The wonderfully quirky Diagram Prize for Oddest Book Title of the Year has a new winner: Managing a Dental Practice the Genghis Khan Way, by Michael R. Young. The prize is given by British trade magazine The Bookseller, a leading trade magazine for the book industry with a website  providing news and comment about the book business.

I discovered this contest in 2008, and have looked forward to the results each year since then. It’s not always about the titles themselves, which actually seem to have grown less odd each year. More often I have enjoyed the way Horace Bent, The Bookseller’s diarist and custodian of the Diagram Prize, describes the contenders and the contest. See if you don’t agree:

“In the end, it wasn’t even close. Much like the tyrant himself, Managing a Dental Practice the Genghis Khan Way ruthlessly slaughtered the opposition, and scored twice as many votes as the runner-up, 8th International Friction Stir Welding Symposium Proceedings.”
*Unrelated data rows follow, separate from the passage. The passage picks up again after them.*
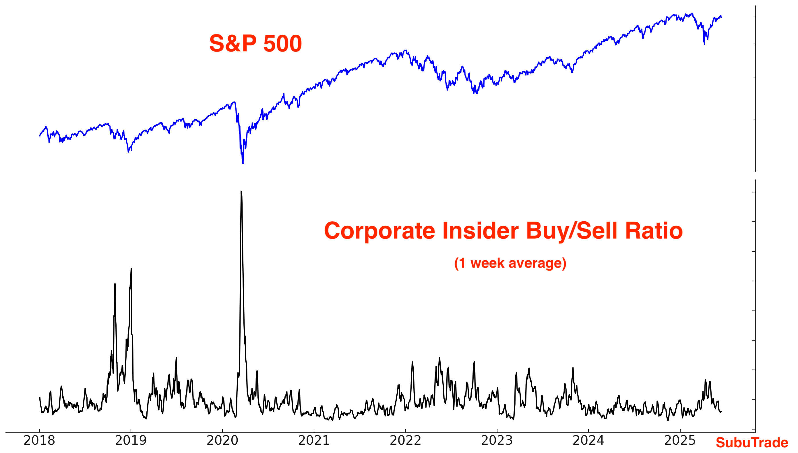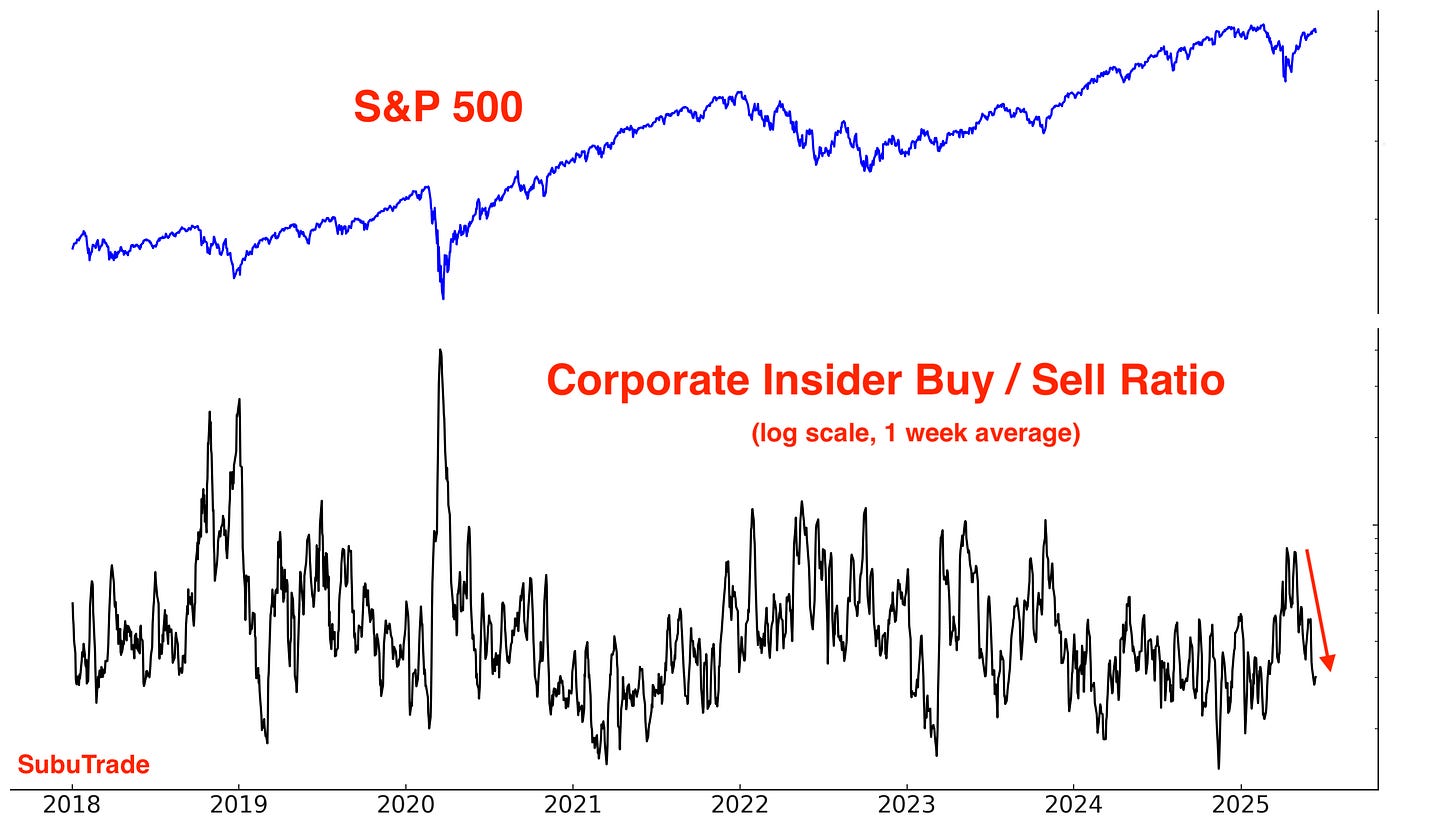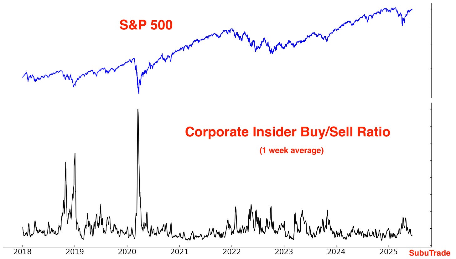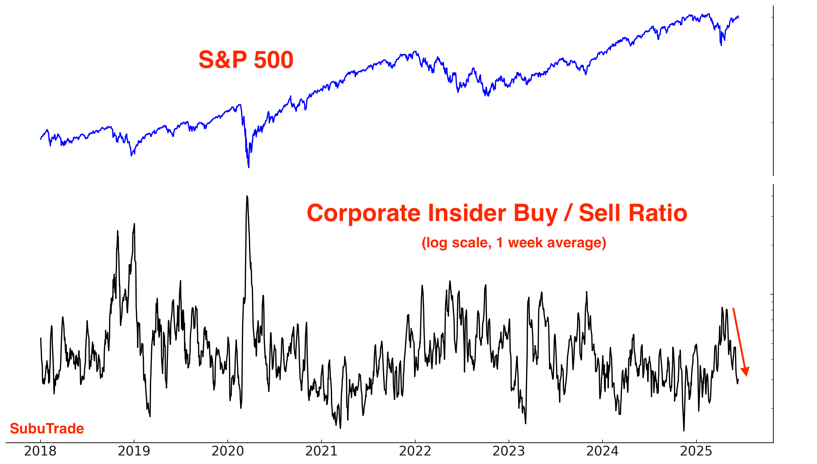 Same chart, but using a log scale for the Insider Buy/Sell Ratio:
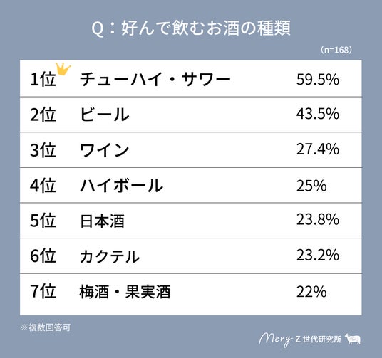 「好んで飲むお酒の種類」のアンケートでは、「チューハイ・サワー」(59.5%)が、ビール(43.5%)を上回り、トップという結果となった。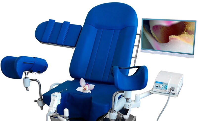 - Гинекологический видеокольпоскоп «Сamscope DCS-102» с электронной CCD видеокамерой (разрешение 480 линий), функцией автоматического баланса белого, автофокусировкой, памятью на 4 изображения, максимальным увеличением 30х, галогенным источником холодного освещения и гибким световодом.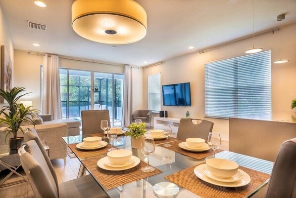 - Main Floor • Open-concept living room with TV and comfortable seating • Fully equipped kitchen • Dining area • Direct access to the pool area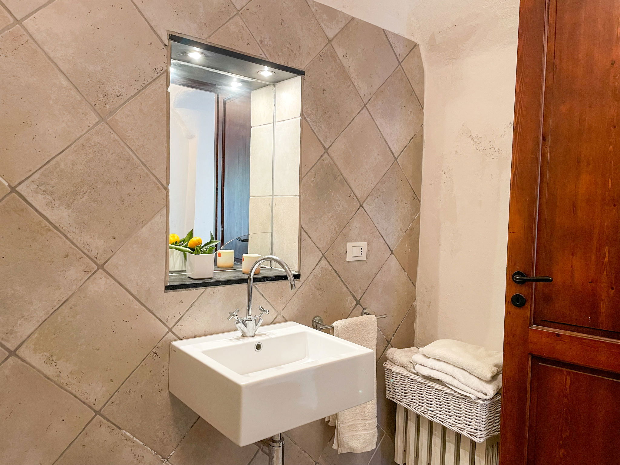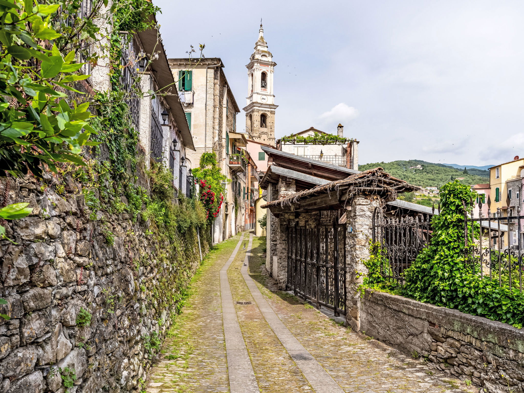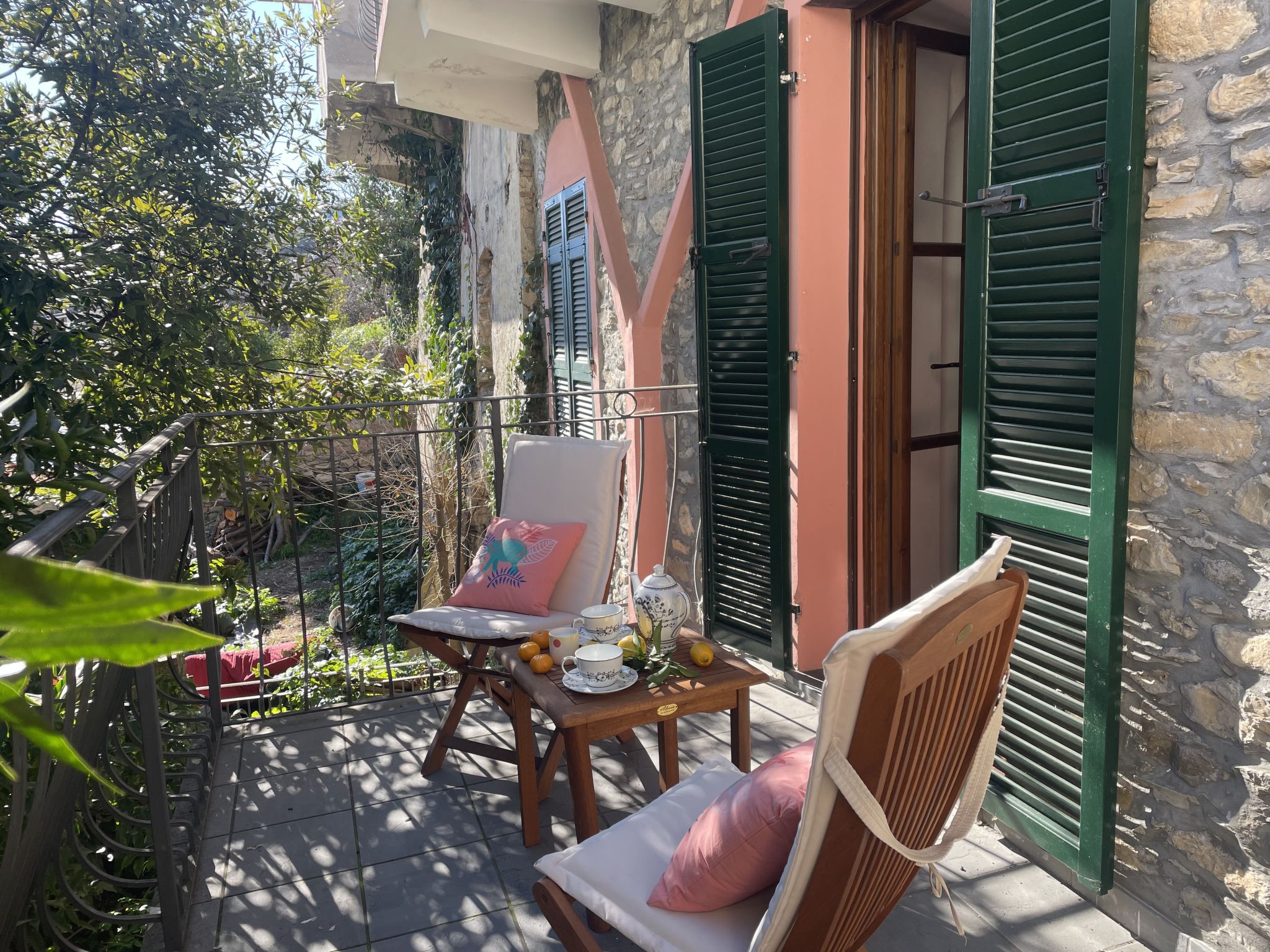 Historical 2-family house, 2 storeys, semi-detached, renovated. In the centre of Dolcedo 10 km from the centre of Imperia Porto Maurizio, 30 km from the centre of San Remo, excellent location: right in the centre but still quiet, 9 km from the sea. 20 m steep footpath to the house. Public parking 50 m. Shop 50 m, supermarket 9 km, restaurant, bar, café 50 m, bus stop 100 m. Riding stable 4 km, cycle lane 9 km. Hiking paths: Monte Faudo, Val Prino. Please note: car recommended.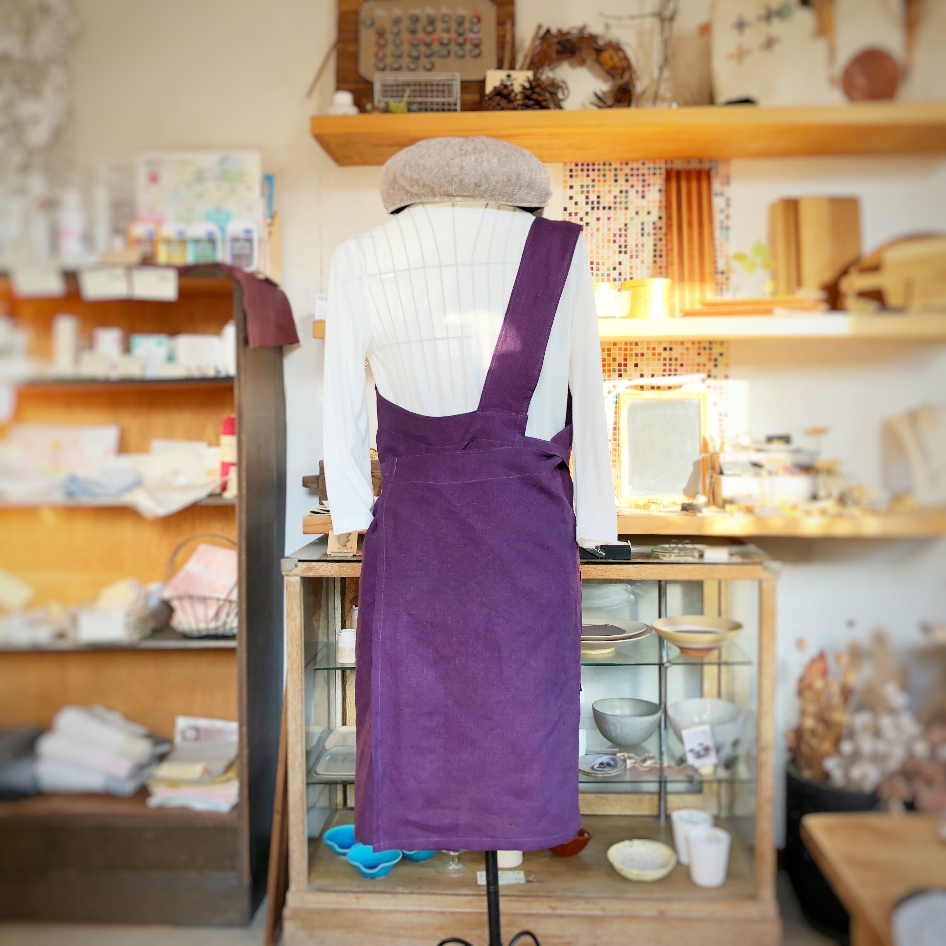 肩のところで長さ調節できるリネンのワンショルダーエプロンです。

Bent also notes that the winner:

“…joins an illustrious list of former winners including Living with Crazy Buttocks, Greek Rural Postmen and Their Cancellation Numbers, How to Avoid Huge Ships, and Highlights in the History of Concrete…I am delighted that in economically troublesome times publishers the world over have continued to publish incredibly niche titles with powerfully obscure titles.”

What I also find so appealing about this contest is that it apparently started as a way to avoid boredom at the Frankfurt Book Fair more than 30 years ago.